Syriza strategists have told The Economist Intelligence Unit that they would expect to get an absolute majority (151 seats) with 33% of the vote, assuming that five parties enter parliament. The election is being contested by 25 parties, but only those that pass a nationwide 3% threshold enter parliament. At the moment, it looks likely that six parties will achieve this. Apart from the two main contenders, there will be the centre-left junior coalition partner, the Panhellenic Socialist Movement (Pasok), and a centrist populist party formed last year, To Potami (The River), both of which are likely partners in an attempt by Syriza to form a government. In addition, Greece’s hardline Stalinist Communist Party (KKE) and the far-right, neo-fascist Golden Dawn will also pass muster, although they are unlikely to be part of any new government.

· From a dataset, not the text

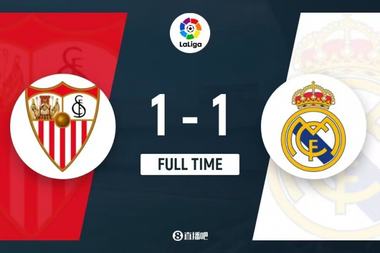 下半场伤停补时7分钟,全场比赛结束,最终皇马1-1塞维利亚。

|Party||Share of the vote (%)||Seat allocation|
|Syriza Unifying Social Front (Syriza)||29-31||135-140|
|New Democracy (ND)||28-30||80-105|
|To Potami (The River)||5.5-6||16-18|
|Panhellenic Socialist Movement (Pasok)||5-5.5||14-16|
|Communist Party (KKE)||5-5.5||14-16|
|Democratic Socialist Movement (To Kinima)a||2.5-3||0-9|
|a New party formed by George Papandreou.|
|Source: The Economist Intelligence Unit.|
It is also possible that the Democratic Socialist Movement (To Kinima), a Pasok splinter group led by the former prime minister and Pasok leader George Papandreou, and/or the Independent Greeks, a nationalist anti-bail-out splinter from ND, will pass the required threshold. The smaller parties get a seat allocation that is approximately proportional to their share of the vote, while the percentage received by the parties that do not get in forms largely the basis of the 50-seat bonus awarded to the front-runner.
It is unlikely that either of the two conditions set by Syriza’s strategists will be fulfilled. Thus, a best-case scenario for Syriza looks like a win yielding a 140-seat allocation. Despite its official “party” status, Syriza is not however a party in the normal sense, but a coalition of more than two dozen leftist factions ranging from Maoists and Trotskyites on the left to Eurocommunists (the party’s original roots), disaffected Pasok socialists and Greens on the right. Greece’s electoral law breaks the country into constituencies that are large and have many candidates from the same party contesting them. This means that even a centre-leaning Syriza parliamentary bloc is certain to contain no less than 20 devout anti-euro hardline left-wingers.
Who might its partners be?
Syriza’s most obvious potential partner is To Potami. This could be an attractive match; the new party, which pledges a pro-business, pro-Europe agenda, is reportedly backed by powerful mainstream Greek business and media interests, which might reassure foreign lenders and investors concerned about Syriza’s leftist economic orientation. Similarly good matches would be Pasok and To Kinima.
We do not think it likely, but if Syriza looked left to the communists the government would be highly unstable. The KKE would demand a Grexit, a cessation of all debt payments and a roll-back of all reforms. Syriza’s leader, Alexis Tsipras, has already opened the floor to the communists, extending a public invitation to the party to co-operate.
If ND wins, it is more likely to be able to form a government. The third party is also fairly important here as the incumbent president is required to ask each of the leaders of only the three largest parties in turn to try to form a governing coalition. Thus, if both main contenders fail to bring together a coalition, the third party, which could be To Potami, could be decisive in its preferred choice of partner(s).